---- Data

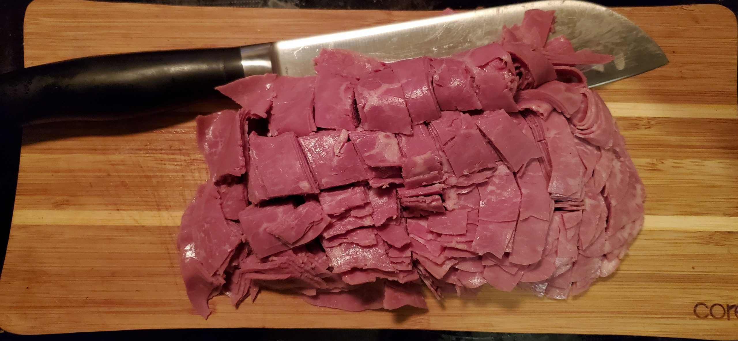 Had some leftover corned beef, half jar of kraut, few slices of rye bread, ½ bottle of dressing and a pack of Swiss cheese.
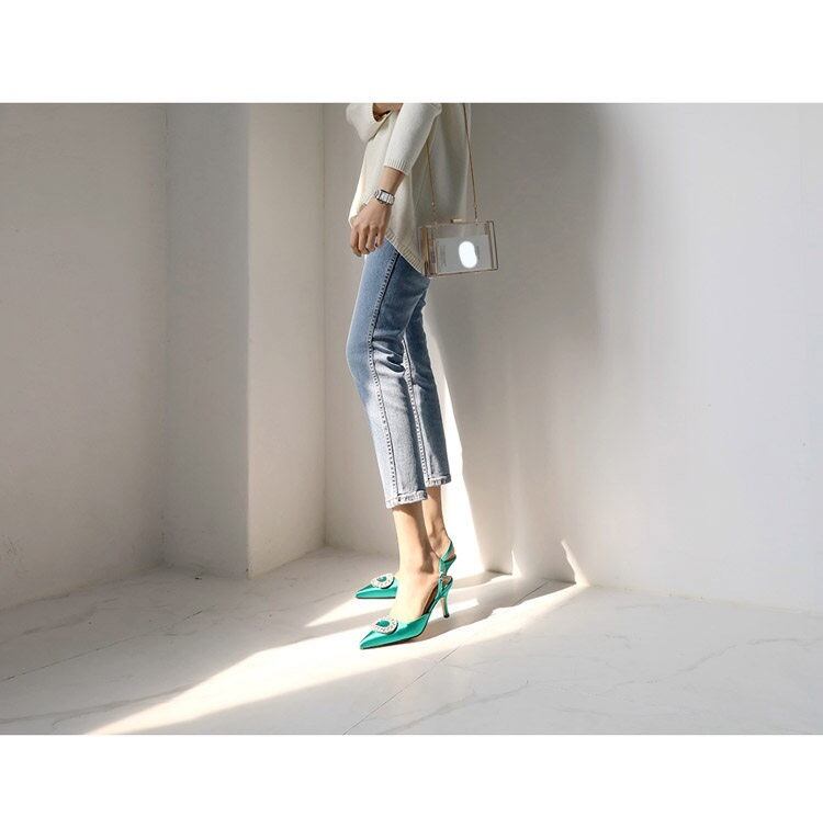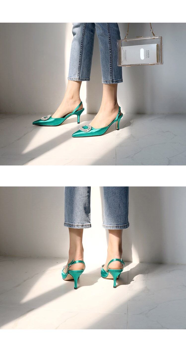 ストーンサテンバックストラップシューズ
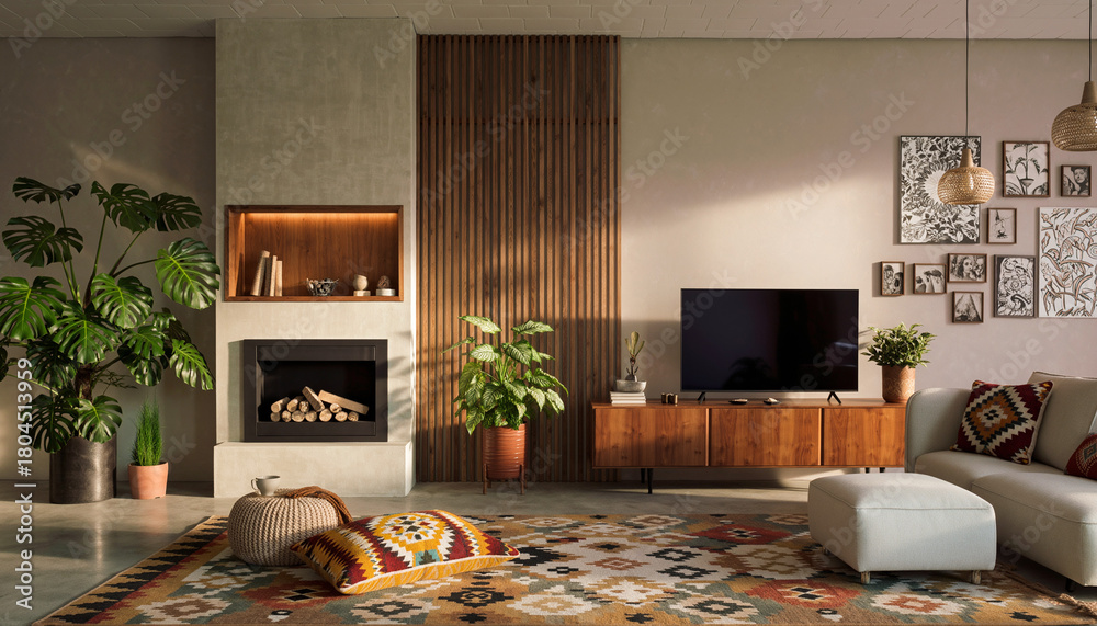 Fototapety Drewno - Nowoczesne wnętrze salonu z elementami drewnianymi oraz tkaninami w stylu etnicznym #1804513959
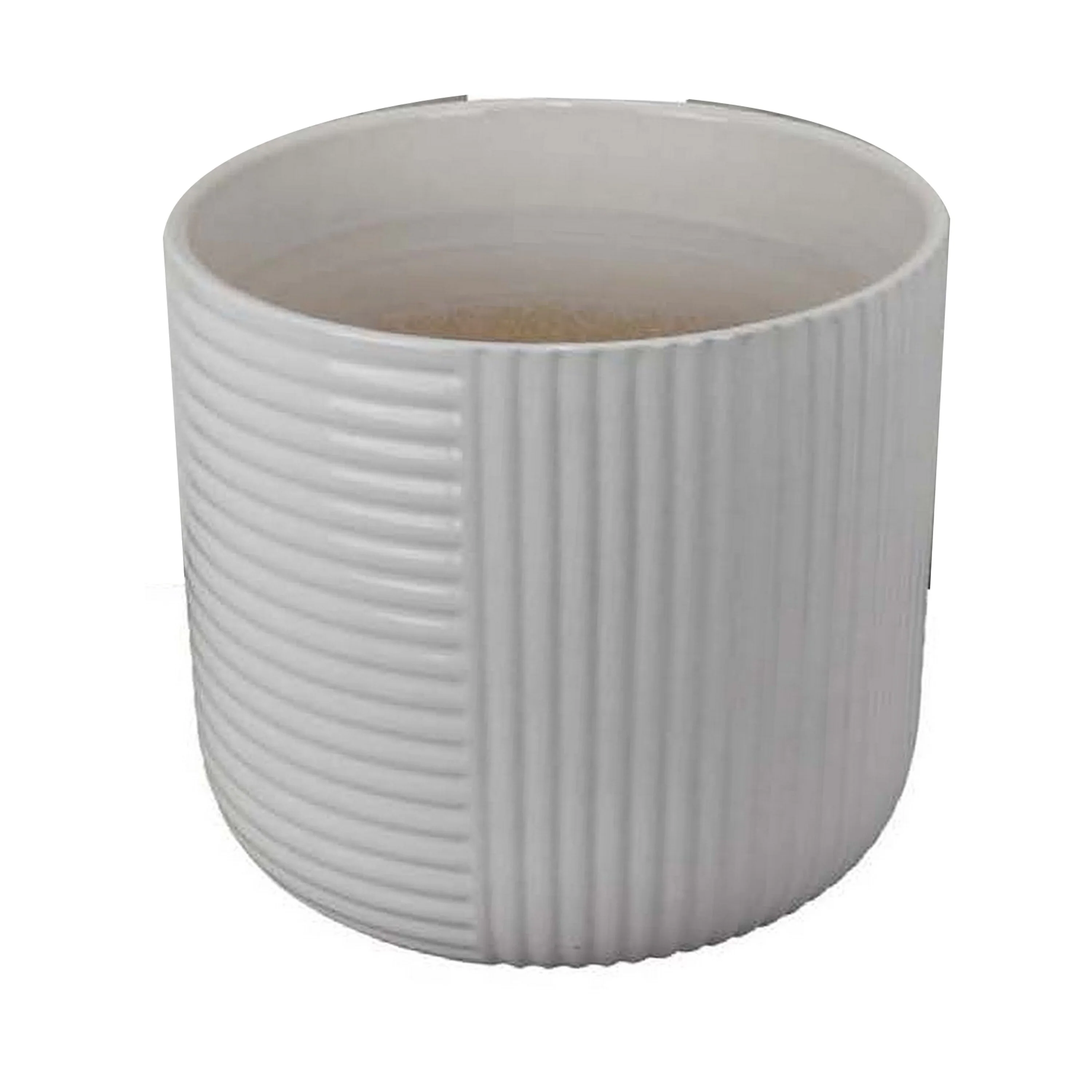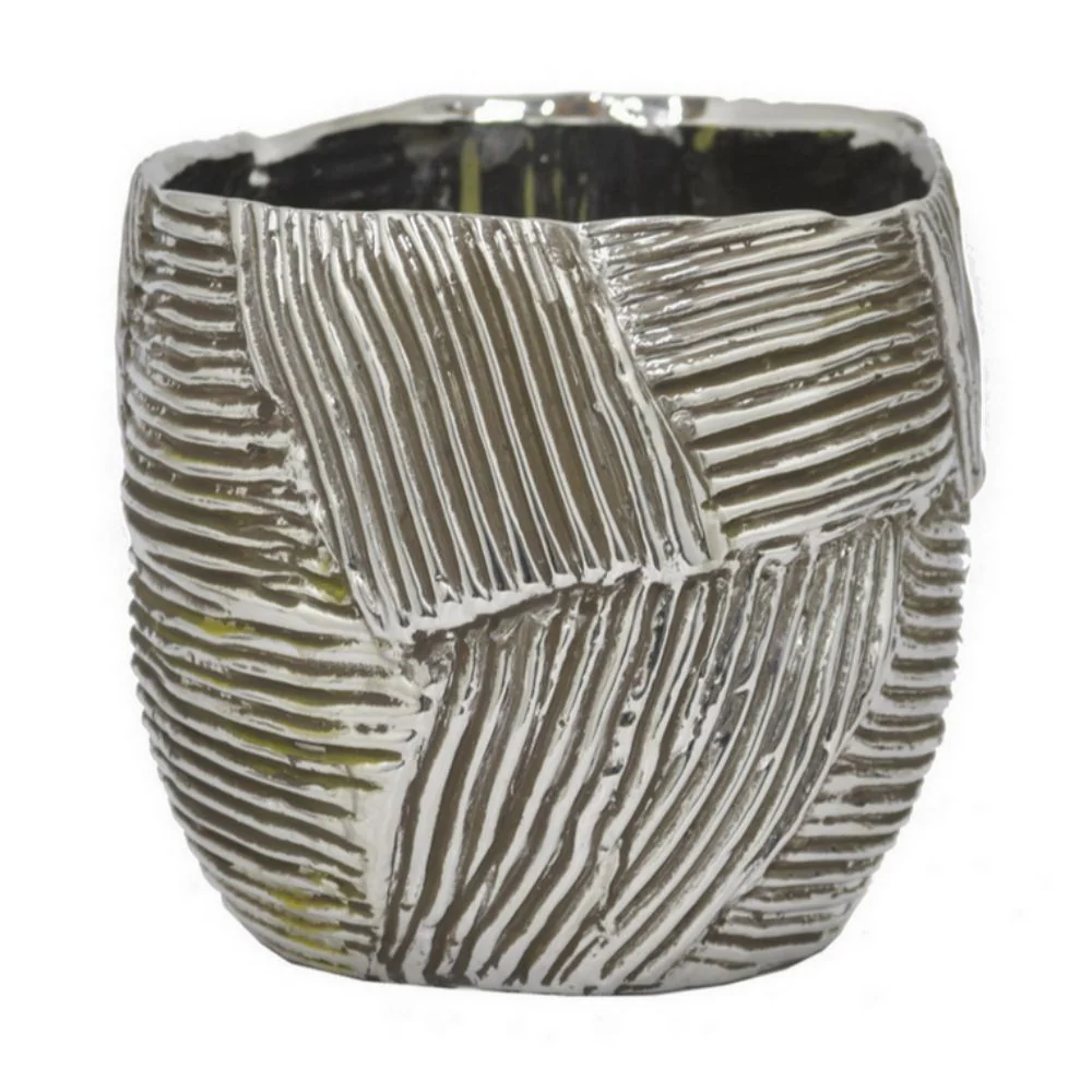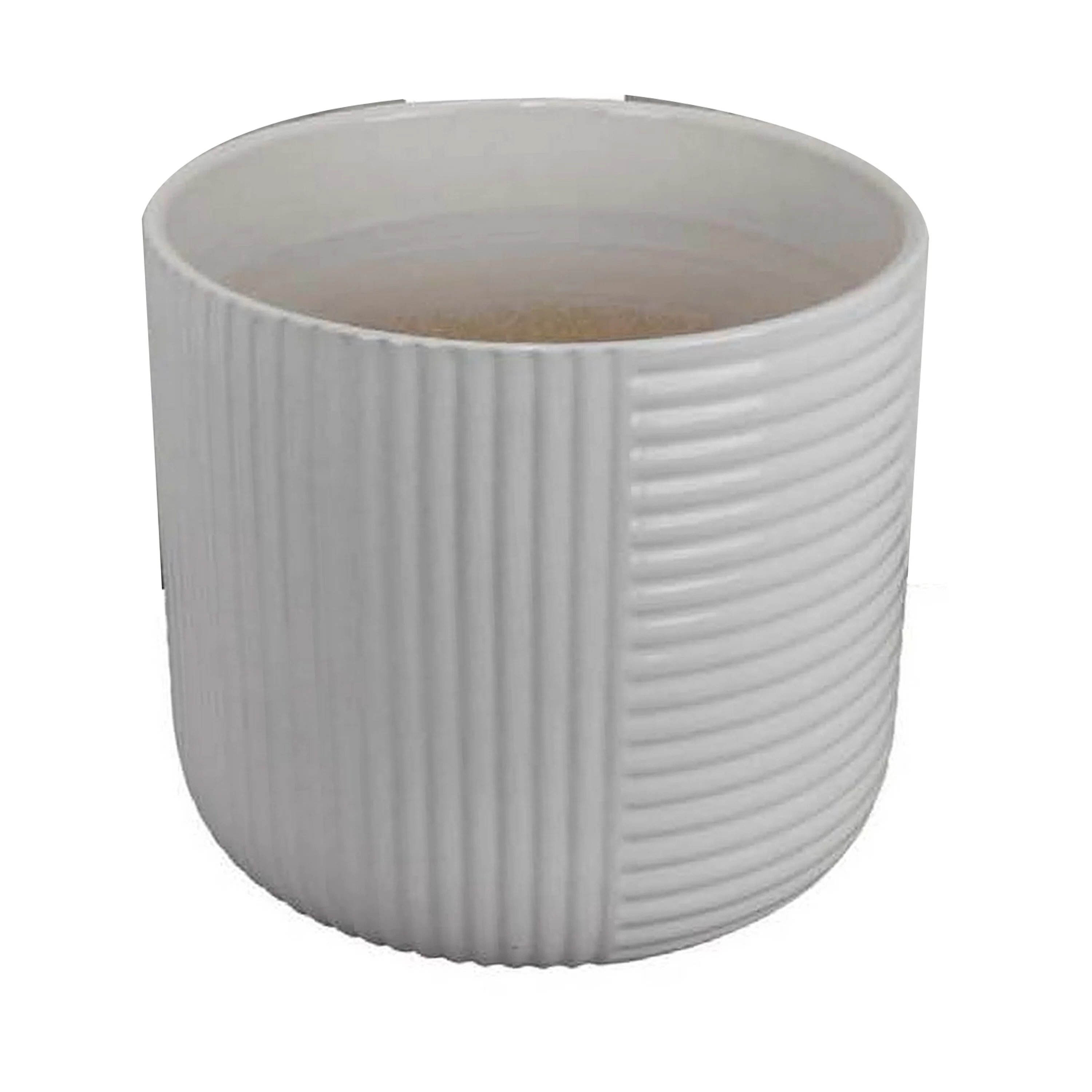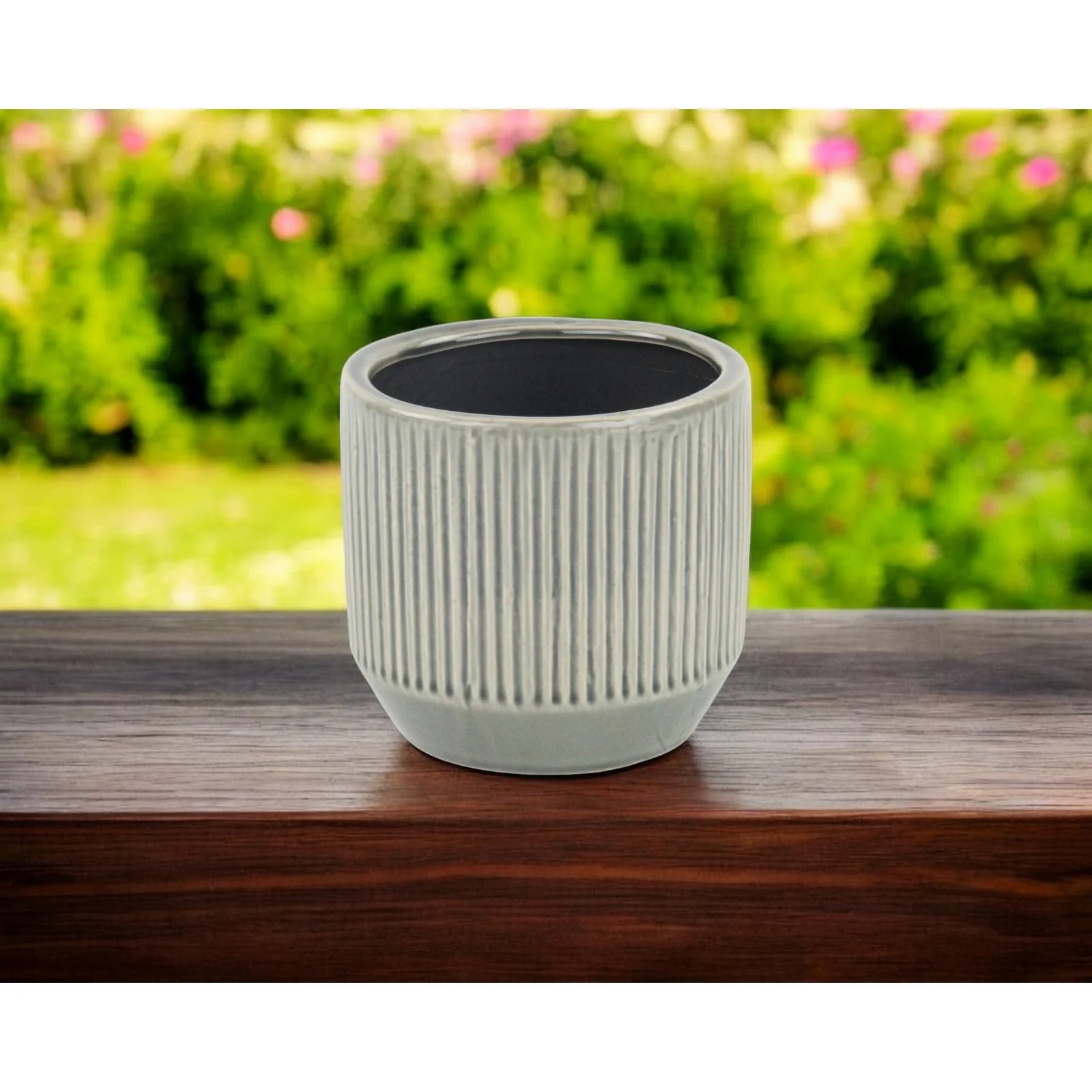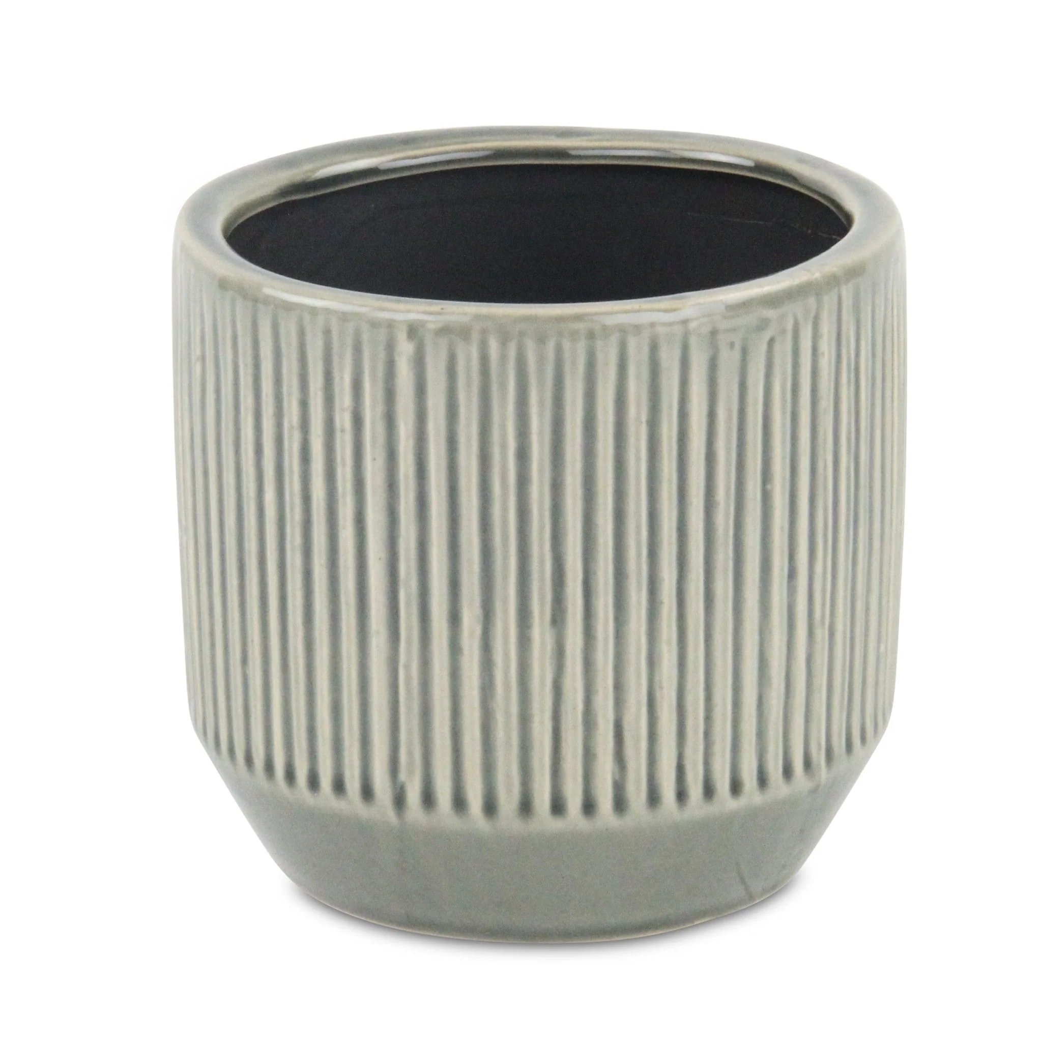 HomeRoots 6" Gray Striped Ceramic Indoor Outdoor Round Pot Planter

--------

Exercise aim —
Return the material in full, word for word, and skip the pictures.

Your solution —
 Had some leftover corned beef, half jar of kraut, few slices of rye bread, ½ bottle of dressing and a pack of Swiss cheese.
 ストーンサテンバックストラップシューズ
 Fototapety Drewno - Nowoczesne wnętrze salonu z elementami drewnianymi oraz tkaninami w stylu etnicznym #1804513959
 HomeRoots 6" Gray Striped Ceramic Indoor Outdoor Round Pot Planter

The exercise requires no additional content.